Our cluster runs Kafka 0.11 and has strict restrictions on using consumer groups. We cannot use arbitrary consumer groups so Admin has to create required consumer groups.
We run Kafka Connect HDFS Sinks to read data from topics and write to HDFS. All the topics have only one partition.
I can consider following two patterns when using Consumer Groups in Kafka HDFS Sink.
As shown in the pictures:
Case 1: Each topic has its own Consumer Group
Case 2: All the topics have a common Consumer Group
I am aware that when a topic has multiple partitions, and if a consumer failed, another consumer in the same consumer group take over that partition.
My question :
Does the same thing happen when multiple topics share the same consumer group? ie: if a Consumer failed(HDFS Sink), will another Consumer(HDFS Sink connector) takeover the work and read from that topic?
Update: Each Kafka HDFS Sink Connector subscribed to only one topic.

I'm surprised that all answers with "yes" are wrong. I just tested it and having the same group.id for consumers for different topic works well and does NOT mean that they share messages, because for Kafka the key is (topic, group) rather than just (group).
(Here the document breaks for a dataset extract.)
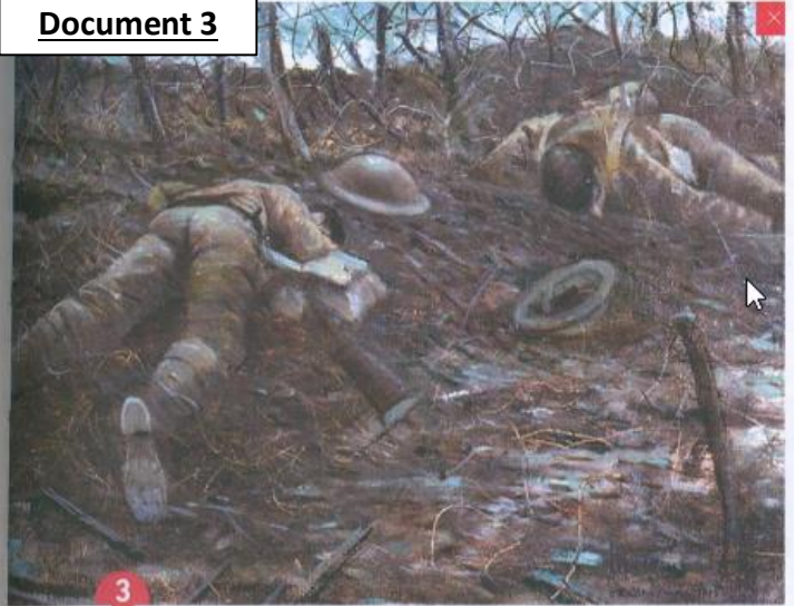
3 Les Chemins de la gloire (Paths of Glory).

Huile sur toile de C. R. W. Nevinson, 1917. 45,7 x 60,9 m. Londres, Imperial War Museum.

Here is what I did:
created 2 different topics T1 and T2 with 2 partitions in each topic
created 2 consumers with the same group xxx
assigned consumer C1 to T1, consumer C2 to T2
produced messages to T1 - only consumer C1 assigned to T1 processed them
produced messages to T2 - only consumer C2 assigned to T2 processed them
killed consumer C1 and repeated 4-5 steps. Only consumer C2 processed messages from T2
messages from T1 were not processed
Conclusion: Consumers with the same group name subscribed to different topics will NOT consume messages from other topics, because the key is (topic, group)

Absolutely yes. The kafka consumers should monitor both topics and then, kafka will assign the partitions (per topic) to the current active members of the consumer group.
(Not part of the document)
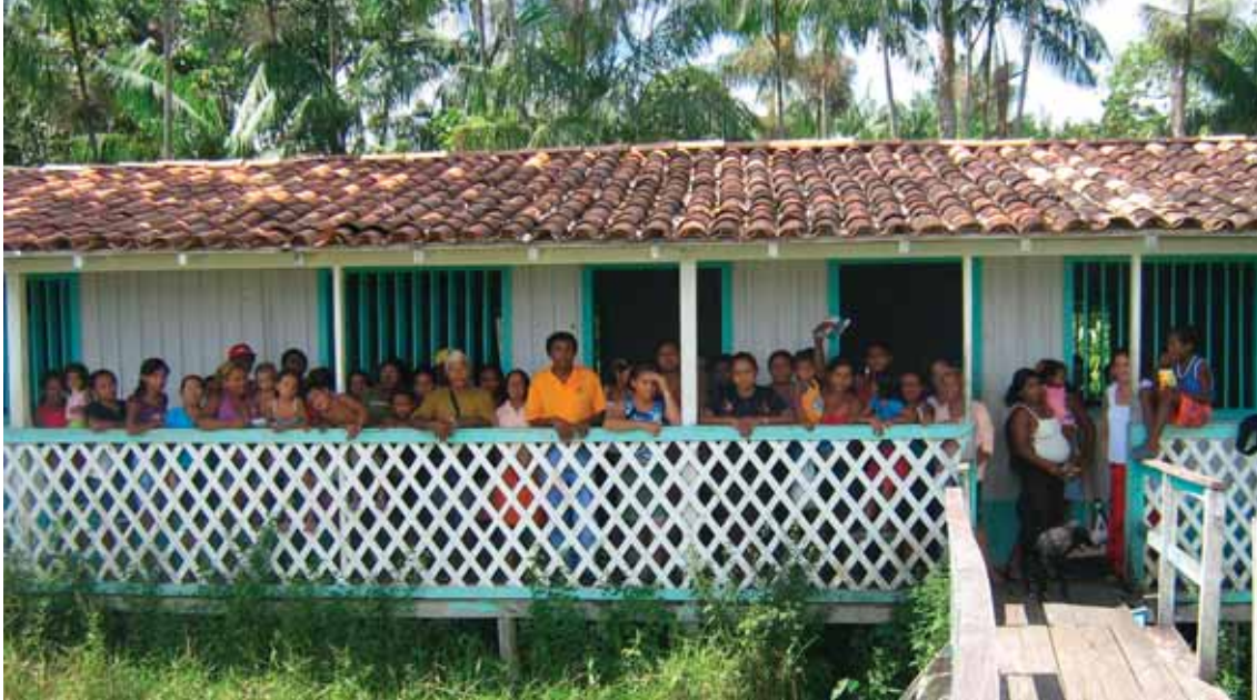
Participantes da oficina realizada pela ASMAMI na Escola Nossa Senhora da Conceição, ilha de Itacoãzinho. 8 julho 2007

Regardless of having one or multiple partitions on every single topic, the consumers will take charge of monitoring the partitions per topic whenever a consumer failure happens in the same group.
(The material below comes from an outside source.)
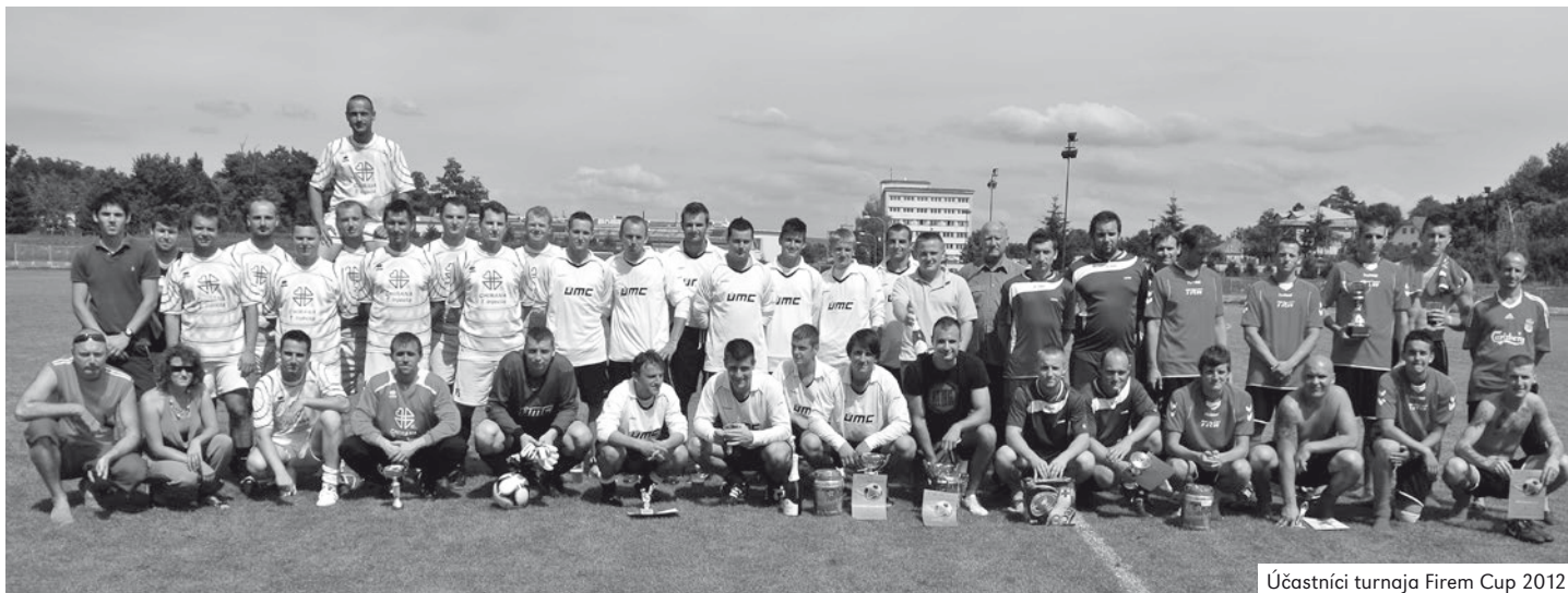
Účastníci turnaja Firem Cup 2012

When a failure happens, the Kafka will always trigger the re-balancing process in order to distribute the partitions to the remaining active consumers of the group and as a consequence, the work will continue running on that topics.

yes, as long as both consumers subscribe() the the same set of topics (topicA and topicB) the partitions of all topics will be distributed across all consumers.
in your case this would mean that if one of the consumers fails, both topics will be assigned to the surviving consumer.

The question asked is in the event of consumer fails in a consumer group, will the consumers available in the same group pick up the subscribed topics and starts processing again or not?.
But the accepted answer has the scenario where the topics are assigned to consumers, but if its auto assignment(i.e., subscribe) then the consumers that are idle in the group should pick the job of failed consumer and starts reading from the last committed offset. If its not then its breaking the consumer group parallelism architecture.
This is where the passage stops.